In recent years, for the telecommunication customer churn prediction problem, scholars at home and abroad have been using data mining techniques to analyze and establish customer churn prediction models and apply classification algorithms to the field of telecommunication customer churn, which is of great practical significance for telecommunication companies to tap effective customers. In China, Qian et al. [2] improved the support vector machine by introducing a cost-sensitive function and used different penalty coefficients on the objective function to incorporate different misclassification costs into the modeling process for the study of telecommunication customer churn prediction. The literature [3] introduced kernel principal component analysis (KPCA) to customer churn prediction and proposes a corresponding feature extraction algorithm. The literature [4] gives a pruned random forest approach and proposes an effective random forest similarity matrix-based variance estimation based on the degree of variance of important factors affecting the stability of the combined classifier. Wang [5] used a real dataset of a provincial telecom operator as a research object, preprocessed the data and used PSO-BP neural network for customer churn prediction by data equalization based on AdaCost algorithm and feature selection based on Relief filtering method, and proved the feasibility of the algorithm for operator customer churn management work. In foreign countries, Veronikha Effendy et al. [6] used combined sampling and weighted random forest to deal with imbalanced data in customer churn prediction. Ammar A.Q. Ahmed [7] used a hybrid firefly algorithm based approach for churn prediction of large telecommunication data, using firefly algorithm for identifying optimal solutions and combining simulated annealing algorithm with firefly algorithm for optimization. Awnag et al. [8] proposed a regression based churn prediction model to identify customer churn by using multiple regression analysis, this technique uses customer feature data for analysis and provides good performance. Sara Tavassoli et al. [9] proposed three hybrid integrated classifiers based on bagging and boosting, the proposed method can be applied not only for customer churn prediction but also for any other binary classification algorithm application.

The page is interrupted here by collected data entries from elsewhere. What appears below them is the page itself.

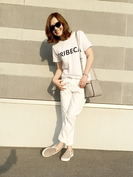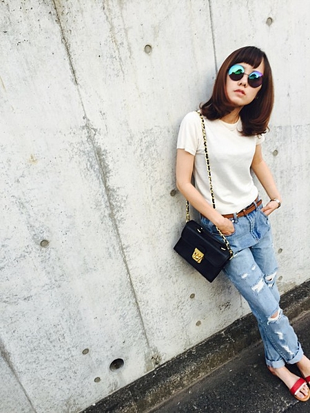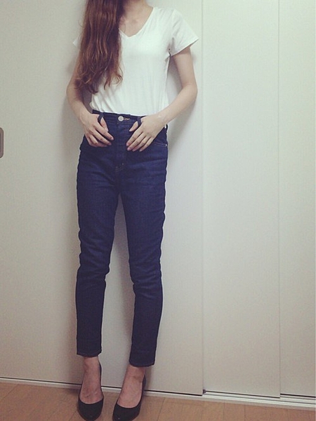 白Tシャツ+デニムの鉄板コーデ。
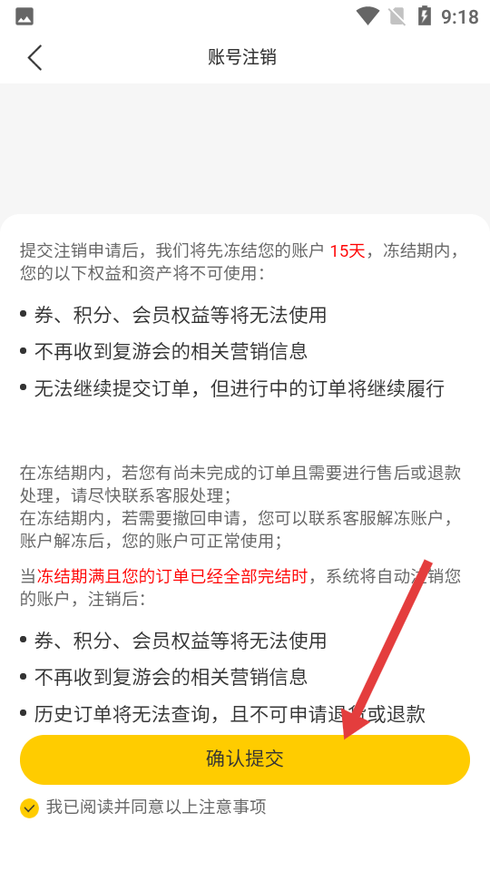 4、勾选同意注意事项后,点击【确认提交】,完成账号注销申请操作。
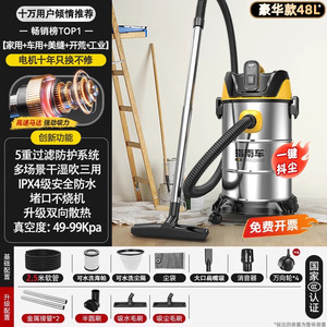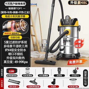 【军工级9800W+9900万PA强吸】48L加厚不锈钢桶可吸水+三过滤+尘袋+开荒+美缝+洗车
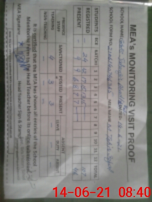 | Attendance Register | Head Teacher | MEA with School | Visit Proof |
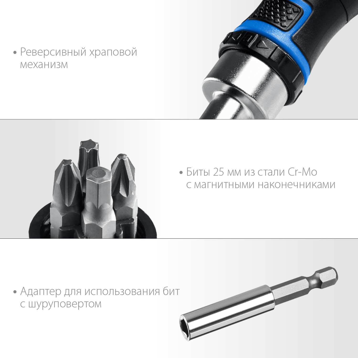 Профессиональный компактный набор с реверсивной отверткой для работы как с ручным так и с электроинструментом
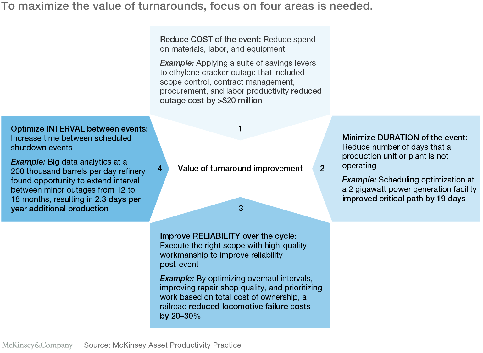 Better management of shutdowns and turnarounds can yield schedule and cost improvements of up to 30 percent.
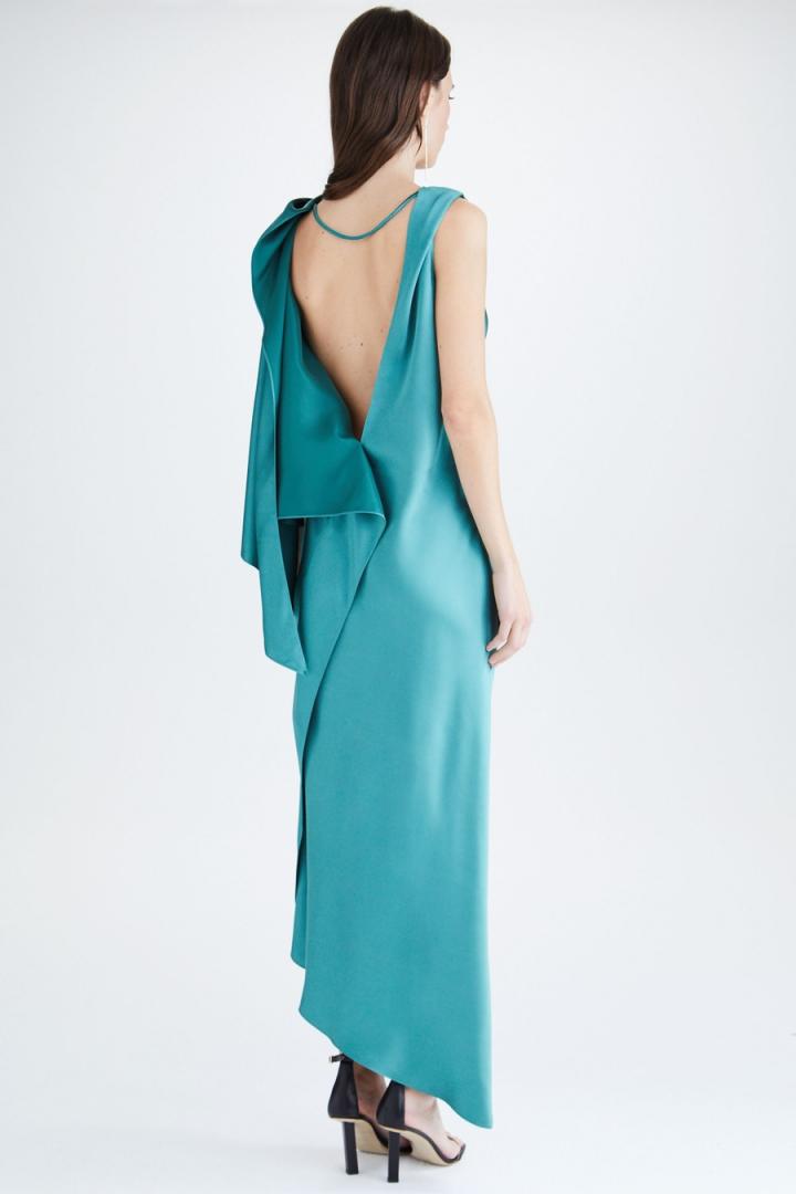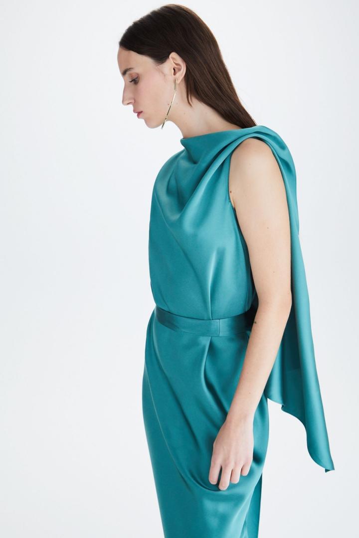 Vestido midi de línea entallada en satén con largo asimétrico y cinturón extraíble para ajustar la cintura en el mismo tejido. Cuello drapeado, manga sisa y espalda al aire …
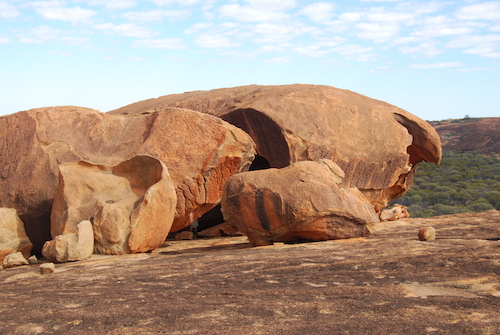 - Aboriginal artwork on a striking example of a haloclasty-affected rock at Eagle Rock.
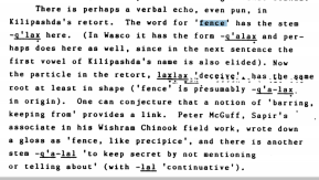 It’s been generally agreed that the Chinook Jargon word q’əláx̣(ən) ‘fence’ comes from Salish, but what if there’s more to the story?
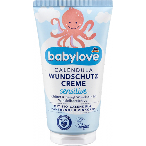 Крем для захисту від подразнень babylove Calendula захищає ніжну шкіру немовлят від подразнень в області підгузника. Доглядаюча формула заспокоює шкіру та сприяє зникненню почервоніння. Формула з органічною календулою, пантенолом і оксидом цинку утворює ефективну плівку, захищаючи подразнену шкіру в області підгузника від вологи. Сумісність зі шкірою підтверджена дерматологічно.
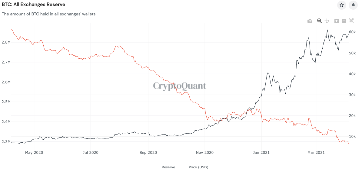 Throughout exchanges, reserves of BTC are nonetheless falling, down beneath 2.3 million as of this week.
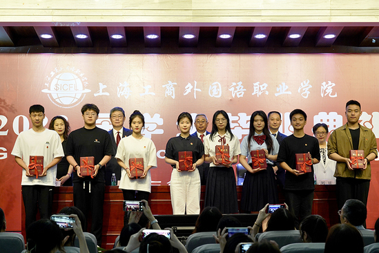 然后,学校党委书记李月松宣读2023届市级、校级优秀毕业生表彰决定。今年,我校有89名同学被评为“上海市优秀毕业生”,208名同学被评为“学校优秀毕业生”。宣读完毕,获得“上海市优秀毕业生”“学校优秀毕业生”荣誉称号的代表依次上台领奖,主席台就座的学校领导为他们颁发荣誉证书。
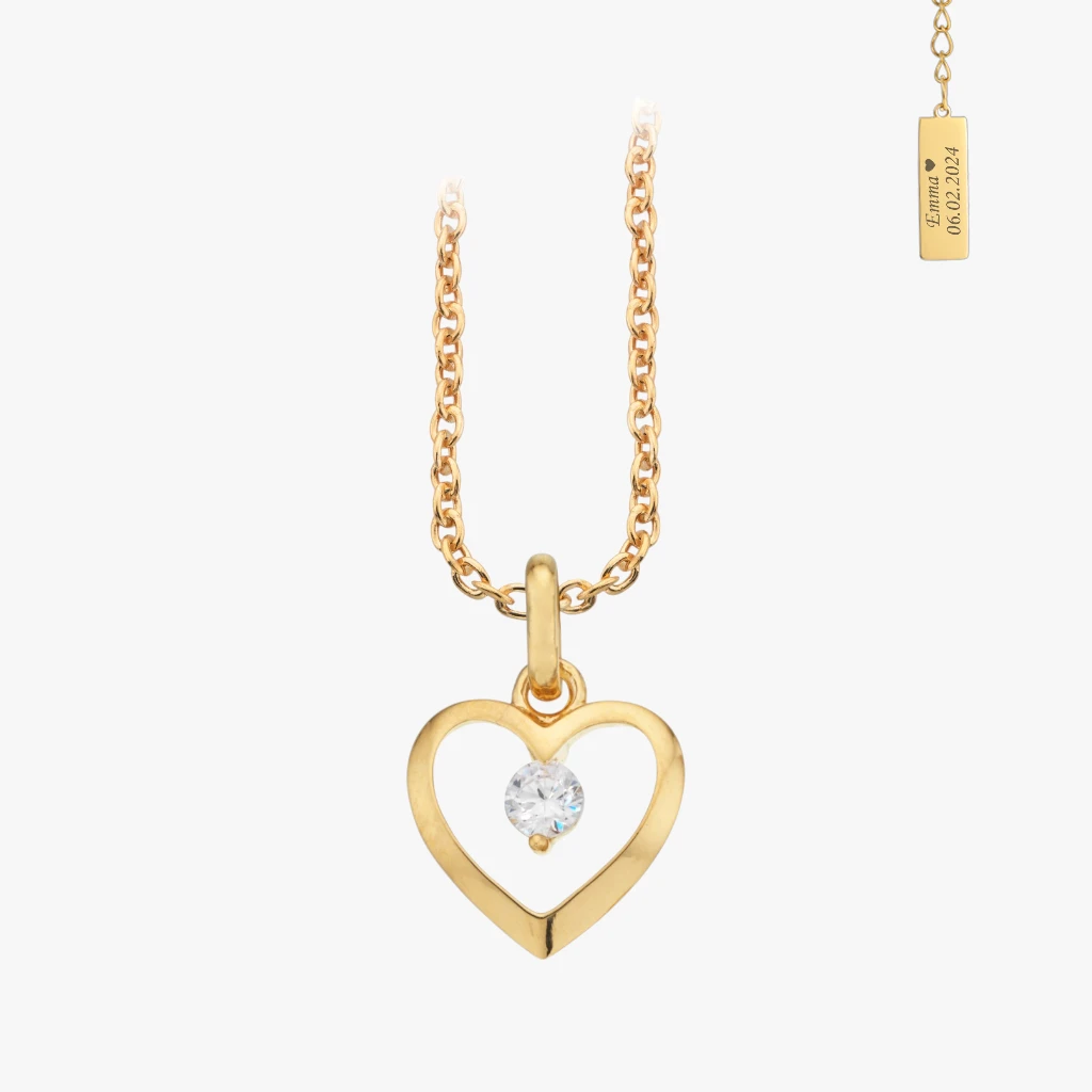 Dette smukke hjerte-vedhæng i elegant guldbelagt design fanger øjet med sin enkle, men udtryksfulde form. Den skinnende hjertesilhuet omkranser en funklende, klar krystal i centrum, der fanger og reflekterer lyset med hver bevægelse
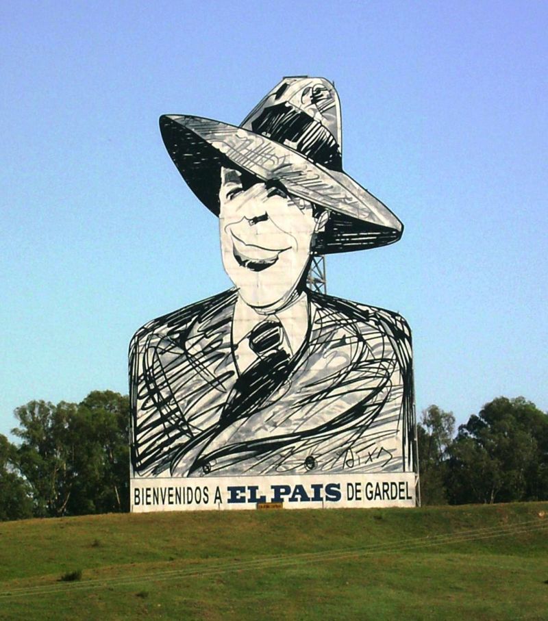 His biggest caricature is the "Gardelazo" in Tacuarembó, a gigantography 26 m tall in honor to tango singer Carlos Gardel in the place where he was born.
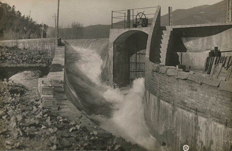 El 1800 es comptabilitzen a la parròquia de Bescanó 423 habitants, dels quals la meitat moren durant la crema de masos, la misèria i l'expatriació que comporten els setges de la Guerra del Francès de 1808-1810. El govern napoleònic (1812-14) designa Montfullà com a cap d’un municipi que agrupava els pobles de Salt, Bescanó i Vilanna. Central hidroelèctrica Berenguer. Vista de la presa. 1917-1936. Valentí Fargnoli i Annetta. CRDI - Ajuntament de Girona - (Ampliar)
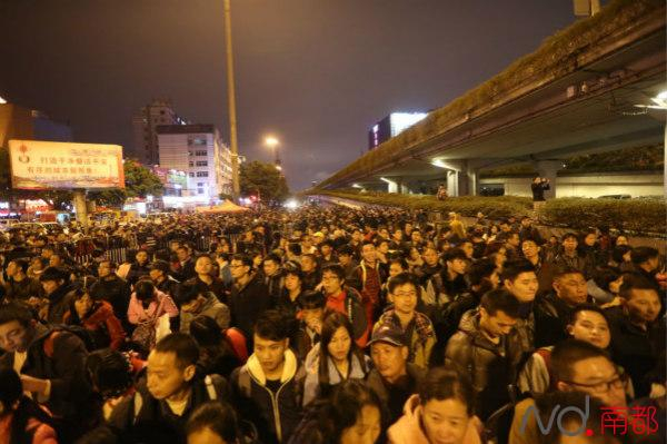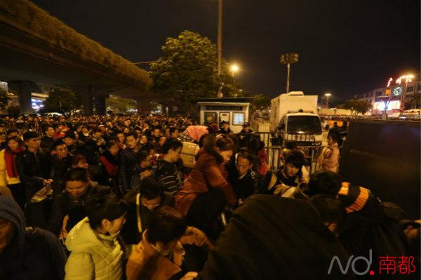 入夜的广州火车站广场更多人了 环市路封闭 三级应急预案启动
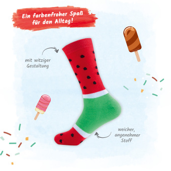 Naschen erlaubt! Dank dieser süßen Kleinigkeit macht man garantiert immer eine gute Figur. Mit originellen und leckeren Motiven sind diese Socken das perfekte Geschenk für alle Naschkatzen. Ein Paar in Einheitsgröße 37 - 42.
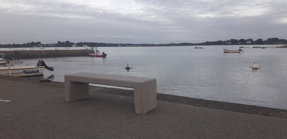 Finition : béton gris, côté lisse et assise talochée fin

Although the above studies have contributed to telecommunication customer churn prediction, due to the complexity of machine learning models, there is no rational explanation of the model, and only the importance of a feature can be judged in terms of the importance of the features affecting customer churn, and it cannot explain how the feature affects the prediction results. In order to solve the above problems, this paper tries to establish a telecom customer churn prediction model that integrates SHAP and the improved XGBoost algorithm, and hyper-parameter tuning of the parameters of XGBoost model by genetic algorithm. SHAP can explain and analyze various factors affecting telecom customer churn and provide corresponding information for telecom companies to adopt corresponding policies.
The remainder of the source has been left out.